«Хитрая бестия!» — таково было мнение заводчика о рыжеусом Маре.
Итак, мастер колебался, бледнел, краснел и, хоть и находился в кабинете шефа, то и дело шнырял глазами по сторонам — дрожал за свою шкуру, ибо понимал, что, если его неблаговидная роль обнаружится, ему наверняка несдобровать — пырнут ножом в темноте. Но вот они дошли по списку до литейщика Йожефа Йеллена. Этот Йеллен, помощник мастера цеха ручной формовки номер один, был уже пожилой человек с сомовьими усами, проработавший на заводе восемь лет; в свое время он перешел сюда от Хоферра.
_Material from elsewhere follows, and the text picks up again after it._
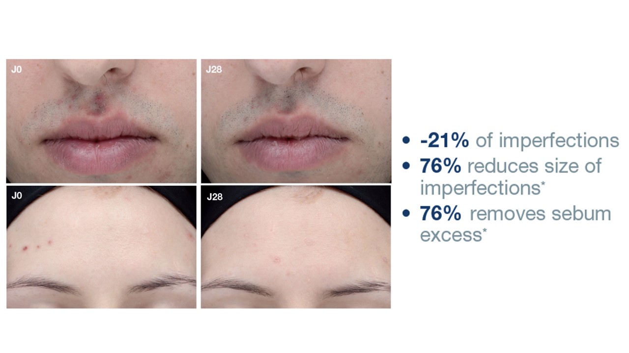 • Kelebihan sebum berkurang pada 84%* kasus.

Отливку некоторых крупных деталей и вставку усложненных стержней неизменно поручали ему, даже главный инженер при составлении шихты первой и второй вагранок спрашивал у него совета.
— Уволить! — категорически заявил Чёфалви и вопросительно посмотрел на шефа.
— Почему? — спросил Майр.
— Его сын — красноармеец! — ответил Чёфалви.
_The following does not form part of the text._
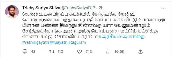 ’’உடன்பிறப்பு கட்சியில் சேர்த்துக்குறேன்னு சொன்னதுனால பந்தாவா ராஜினாமா பண்ணிட்டு போலாம்னு பிளான் பண்ண. திடீர்னு சின்னவரு யார வேணும்னாலும் சேர்த்துக்கோங்க. ஆனா அந்த பொம்பளை மட்டும் கட்சிக்கு வேண்டாம்னு சொல்லிட்டாராமே’’ என்று சொல்லும் சூர்யா சிவா, #அரசியல்அனாதை என்ற ஹேஷ்டேக்கினையும் டுவிட்டர் பக்கத்தில் பகிர்ந்திருக்கிறார்.

— Каково ваше мнение? — обратился Майр к мастеру.
— Н-не знаю… — промямлил тот.
— Значит, вы его не знаете?
— Знать знаю… но господин главный инженер не согласится… — растягивая слова, проговорил Мар.
— Вы боитесь чего-нибудь? — осведомился шеф, пронизывая мастера колючим взглядом.
Тот пожал плечами.
— Господин Мар опасается, что… — начал Чёфалви и осекся.
В этот момент у него мелькнула мысль, что и ему могут проломить череп. От этих свирепых литейщиков можно ожидать чего угодно; Чёфалви был умудрен опытом и понимал, что никакая полиция не может вечно оставаться на чугунолитейном заводе, а раз так…
— Выкладывайте все начистоту, — раздался вдруг из глубины кабинета голос Юрко, — и не бойтесь, мы здесь.
— Я не боюсь, — обиженно отозвался Мар.
Его не покидала мысль о том, что в цехе ручной формовки номер один работает сорок восемь человек и сорок из них, без сомнения, ринулись бы за Йеллена в огонь и воду. Бог его знает, почему так любили старика, ведь не только из-за его политических взглядов… Правда, этот старик с сомовьими усами не раз брал лопату из рук загрузчика, он не брезговал никакой работой… а во время разливки… трижды получал сильные ожоги.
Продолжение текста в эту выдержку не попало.